GOAL OF THE EXERCISE:
Word for word, copy the data that follows and skip its pictures.

GIVEN DATA:
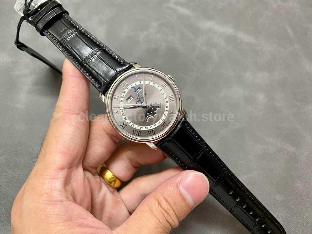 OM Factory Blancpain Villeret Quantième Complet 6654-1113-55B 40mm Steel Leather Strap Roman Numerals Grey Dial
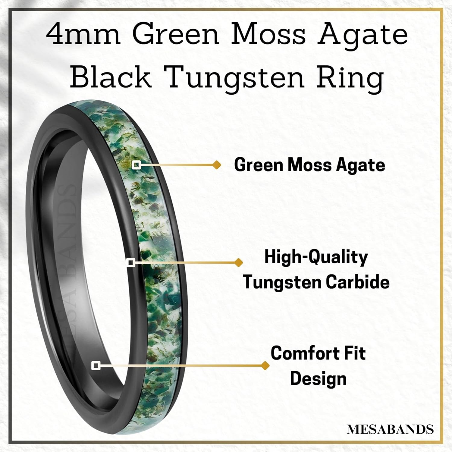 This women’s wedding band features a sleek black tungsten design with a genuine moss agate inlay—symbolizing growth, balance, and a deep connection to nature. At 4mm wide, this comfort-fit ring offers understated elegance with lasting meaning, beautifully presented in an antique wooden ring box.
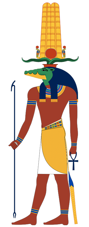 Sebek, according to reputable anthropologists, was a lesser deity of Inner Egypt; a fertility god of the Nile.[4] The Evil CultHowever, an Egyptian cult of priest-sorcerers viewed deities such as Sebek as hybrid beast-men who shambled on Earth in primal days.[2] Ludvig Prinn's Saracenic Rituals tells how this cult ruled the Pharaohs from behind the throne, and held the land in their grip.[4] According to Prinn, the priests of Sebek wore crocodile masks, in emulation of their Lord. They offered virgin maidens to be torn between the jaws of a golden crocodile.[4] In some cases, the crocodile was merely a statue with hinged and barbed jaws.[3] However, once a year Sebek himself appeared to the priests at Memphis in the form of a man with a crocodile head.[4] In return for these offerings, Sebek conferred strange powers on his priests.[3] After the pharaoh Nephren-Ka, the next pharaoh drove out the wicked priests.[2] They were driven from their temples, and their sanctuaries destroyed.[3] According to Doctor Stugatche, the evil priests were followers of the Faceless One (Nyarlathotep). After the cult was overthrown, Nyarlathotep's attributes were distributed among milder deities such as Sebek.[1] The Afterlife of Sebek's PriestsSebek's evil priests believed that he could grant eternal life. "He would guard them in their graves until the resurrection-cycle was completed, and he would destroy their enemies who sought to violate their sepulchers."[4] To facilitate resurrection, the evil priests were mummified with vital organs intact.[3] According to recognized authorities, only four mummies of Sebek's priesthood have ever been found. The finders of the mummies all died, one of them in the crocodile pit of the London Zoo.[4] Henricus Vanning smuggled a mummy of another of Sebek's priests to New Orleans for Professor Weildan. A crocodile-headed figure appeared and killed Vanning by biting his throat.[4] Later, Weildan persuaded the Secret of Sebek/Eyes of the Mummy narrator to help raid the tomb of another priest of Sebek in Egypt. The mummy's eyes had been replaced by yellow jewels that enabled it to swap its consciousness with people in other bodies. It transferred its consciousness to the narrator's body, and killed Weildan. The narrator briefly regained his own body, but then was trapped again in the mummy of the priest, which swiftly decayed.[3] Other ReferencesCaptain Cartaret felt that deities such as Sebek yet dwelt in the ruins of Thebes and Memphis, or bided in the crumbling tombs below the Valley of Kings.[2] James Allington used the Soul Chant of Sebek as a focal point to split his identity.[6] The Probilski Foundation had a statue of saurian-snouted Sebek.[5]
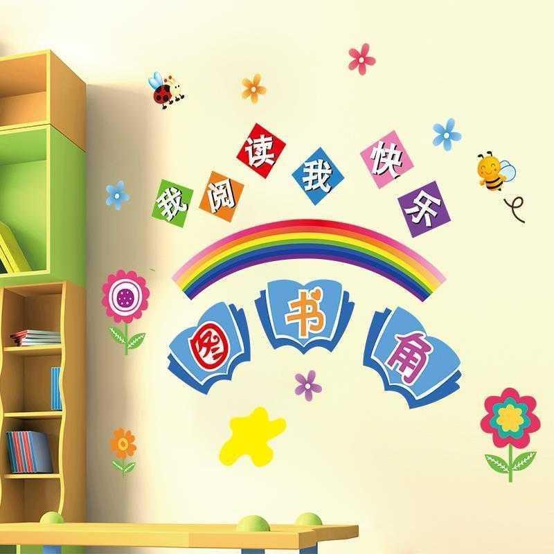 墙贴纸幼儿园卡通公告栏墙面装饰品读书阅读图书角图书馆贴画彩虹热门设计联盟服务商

WRITTEN SOLUTION:
 OM Factory Blancpain Villeret Quantième Complet 6654-1113-55B 40mm Steel Leather Strap Roman Numerals Grey Dial
 This women’s wedding band features a sleek black tungsten design with a genuine moss agate inlay—symbolizing growth, balance, and a deep connection to nature. At 4mm wide, this comfort-fit ring offers understated elegance with lasting meaning, beautifully presented in an antique wooden ring box.
 Sebek, according to reputable anthropologists, was a lesser deity of Inner Egypt; a fertility god of the Nile.[4] The Evil CultHowever, an Egyptian cult of priest-sorcerers viewed deities such as Sebek as hybrid beast-men who shambled on Earth in primal days.[2] Ludvig Prinn's Saracenic Rituals tells how this cult ruled the Pharaohs from behind the throne, and held the land in their grip.[4] According to Prinn, the priests of Sebek wore crocodile masks, in emulation of their Lord. They offered virgin maidens to be torn between the jaws of a golden crocodile.[4] In some cases, the crocodile was merely a statue with hinged and barbed jaws.[3] However, once a year Sebek himself appeared to the priests at Memphis in the form of a man with a crocodile head.[4] In return for these offerings, Sebek conferred strange powers on his priests.[3] After the pharaoh Nephren-Ka, the next pharaoh drove out the wicked priests.[2] They were driven from their temples, and their sanctuaries destroyed.[3] According to Doctor Stugatche, the evil priests were followers of the Faceless One (Nyarlathotep). After the cult was overthrown, Nyarlathotep's attributes were distributed among milder deities such as Sebek.[1] The Afterlife of Sebek's PriestsSebek's evil priests believed that he could grant eternal life. "He would guard them in their graves until the resurrection-cycle was completed, and he would destroy their enemies who sought to violate their sepulchers."[4] To facilitate resurrection, the evil priests were mummified with vital organs intact.[3] According to recognized authorities, only four mummies of Sebek's priesthood have ever been found. The finders of the mummies all died, one of them in the crocodile pit of the London Zoo.[4] Henricus Vanning smuggled a mummy of another of Sebek's priests to New Orleans for Professor Weildan. A crocodile-headed figure appeared and killed Vanning by biting his throat.[4] Later, Weildan persuaded the Secret of Sebek/Eyes of the Mummy narrator to help raid the tomb of another priest of Sebek in Egypt. The mummy's eyes had been replaced by yellow jewels that enabled it to swap its consciousness with people in other bodies. It transferred its consciousness to the narrator's body, and killed Weildan. The narrator briefly regained his own body, but then was trapped again in the mummy of the priest, which swiftly decayed.[3] Other ReferencesCaptain Cartaret felt that deities such as Sebek yet dwelt in the ruins of Thebes and Memphis, or bided in the crumbling tombs below the Valley of Kings.[2] James Allington used the Soul Chant of Sebek as a focal point to split his identity.[6] The Probilski Foundation had a statue of saurian-snouted Sebek.[5]
 墙贴纸幼儿园卡通公告栏墙面装饰品读书阅读图书角图书馆贴画彩虹热门设计联盟服务商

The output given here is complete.